I decided to read this book after reading a review that compared it to the Academy Award winning movie Crash (and if you haven’t seen that movie yet you must!).  The first chapter is told from Beckett’s perspective, and I was instantly hooked by this character.  She’s all alone in the world, yet extremely observant, and decides to attend this party because she needs to know she’s visible.  Her character reminds me of Hannah Baker from Th1rteen R3asons Why only less harsh.  As Beckett is deciding whether to show up at the party she sees her old best friend Ashley with another girl Morrigan.  We find out why Ashley is her old best friend, what she thinks of Morrigan, and then the chapter switches to Morrigan.  This carries on throughout the night until we have the full picture of the events as they play out. 

I mostly enjoyed the differing perspectives because it made the story richer than just following one character.  The only drawback is that I wanted more from some characters.  Beckett’s view of the story ends after the first chapter, but we see her story play out as she encounters more characters during the night.  A couple characters lack detail that I prefer when reading a story.  Tommy, for example, didn’t strike me as a worthwhile character besides giving us more insight on how Josh copes with his breakup.  I love Azize’s character and would have loved it if Tommy’s chapter was cut so we could have had more from Azize or even the lovesick,  Max. 

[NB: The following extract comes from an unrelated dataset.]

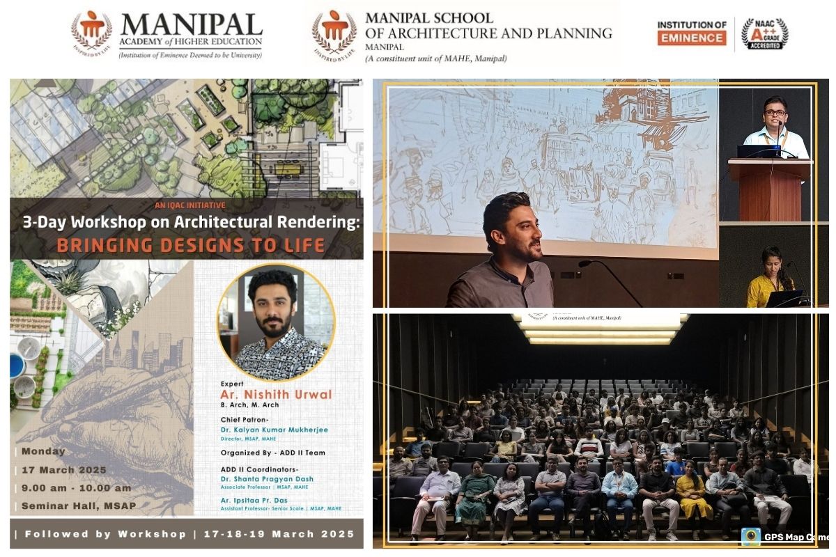 The Manipal School of Architecture and Planning (MSAP) at Manipal Academy of Higher Education (MAHE) recently hosted a dynamic three-days’ workshop on “Architectural Rendering: Bringing Design to Life” for 2nd Semester Architecture Students. The workshop held on the 17th, 18th and 19th of March 2025.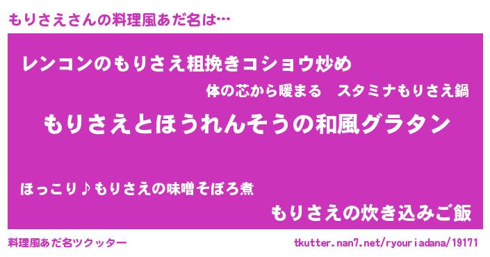 | 意味不明あだ名 | 『ヨモギ科もりさえ属』『自称もりさえ』 |

But, like I said, the different views give us a richer story.  Morrigan, for example, is looked at in a variety of ways.  Beckett sees Morrigan as her replacement with Ashley.  Ryan looks at her as an overly drunk partier, and Josh sees her as the evil girl that dumped him out of nowhere.  But then we get to read the chapter from Morrigan’s eyes and we know exactly what she’s thinking and feeling.  We know how deep, hurt and confused she truly is.  Of course, Morrigan isn’t the only rich character in Party.  Tom Leveen has created quite a few rich characters, I only wish we could read even more about them.

Overall, I highly recommend reading Party by Tom Leveen.  If you enjoyed Th1rteen R3asons Why by Jay Asher or if you enjoy how Ellen Hopkins brings characters together in her books like Impulse or Tricks, then you’ll really enjoy this novel.  I’m looking forward to talking about this book with my students this coming school year!